### DIRECTIONS FOR THIS TASK
The listing below holds pictures; exclude them. Return exactly the lines from the one with "инструктажей по охране труда" through the one with "会议分为三个阶段。第一阶段由".

### RECORDS TO USE
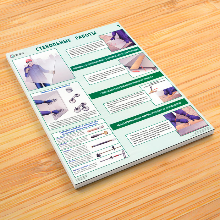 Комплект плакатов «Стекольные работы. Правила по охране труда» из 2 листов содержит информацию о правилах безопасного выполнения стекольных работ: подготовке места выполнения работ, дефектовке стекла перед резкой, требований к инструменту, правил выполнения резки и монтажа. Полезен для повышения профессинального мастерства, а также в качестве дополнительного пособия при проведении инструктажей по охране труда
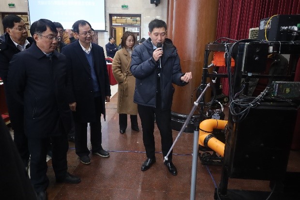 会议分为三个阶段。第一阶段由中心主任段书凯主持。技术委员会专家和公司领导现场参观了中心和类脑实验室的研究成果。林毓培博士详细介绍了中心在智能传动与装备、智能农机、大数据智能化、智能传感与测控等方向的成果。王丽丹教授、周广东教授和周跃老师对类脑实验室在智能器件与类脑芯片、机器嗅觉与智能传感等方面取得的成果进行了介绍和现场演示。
...
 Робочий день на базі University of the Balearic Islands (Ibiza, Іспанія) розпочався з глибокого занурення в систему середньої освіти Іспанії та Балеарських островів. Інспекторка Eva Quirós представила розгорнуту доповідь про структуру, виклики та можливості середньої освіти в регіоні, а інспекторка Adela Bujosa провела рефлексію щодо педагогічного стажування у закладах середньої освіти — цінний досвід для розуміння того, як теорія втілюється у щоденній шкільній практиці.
==
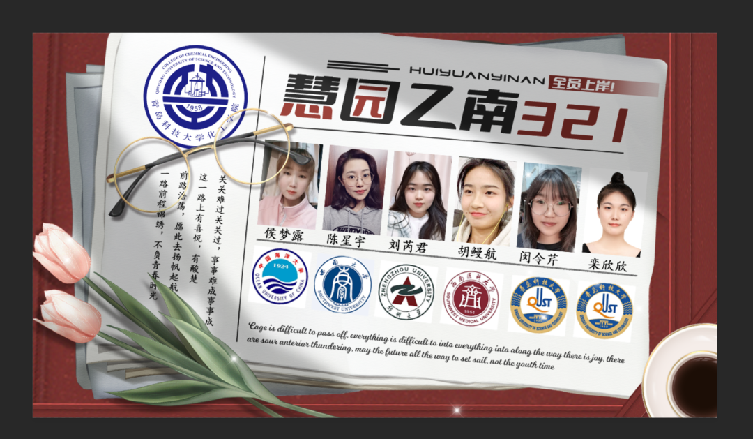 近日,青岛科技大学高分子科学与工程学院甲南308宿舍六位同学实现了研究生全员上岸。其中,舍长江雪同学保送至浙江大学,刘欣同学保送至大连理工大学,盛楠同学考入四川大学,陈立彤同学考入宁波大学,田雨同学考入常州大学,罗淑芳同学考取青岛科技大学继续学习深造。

### ANSWER BELOW
 Комплект плакатов «Стекольные работы. Правила по охране труда» из 2 листов содержит информацию о правилах безопасного выполнения стекольных работ: подготовке места выполнения работ, дефектовке стекла перед резкой, требований к инструменту, правил выполнения резки и монтажа. Полезен для повышения профессинального мастерства, а также в качестве дополнительного пособия при проведении инструктажей по охране труда
 会议分为三个阶段。第一阶段由中心主任段书凯主持。技术委员会专家和公司领导现场参观了中心和类脑实验室的研究成果。林毓培博士详细介绍了中心在智能传动与装备、智能农机、大数据智能化、智能传感与测控等方向的成果。王丽丹教授、周广东教授和周跃老师对类脑实验室在智能器件与类脑芯片、机器嗅觉与智能传感等方面取得的成果进行了介绍和现场演示。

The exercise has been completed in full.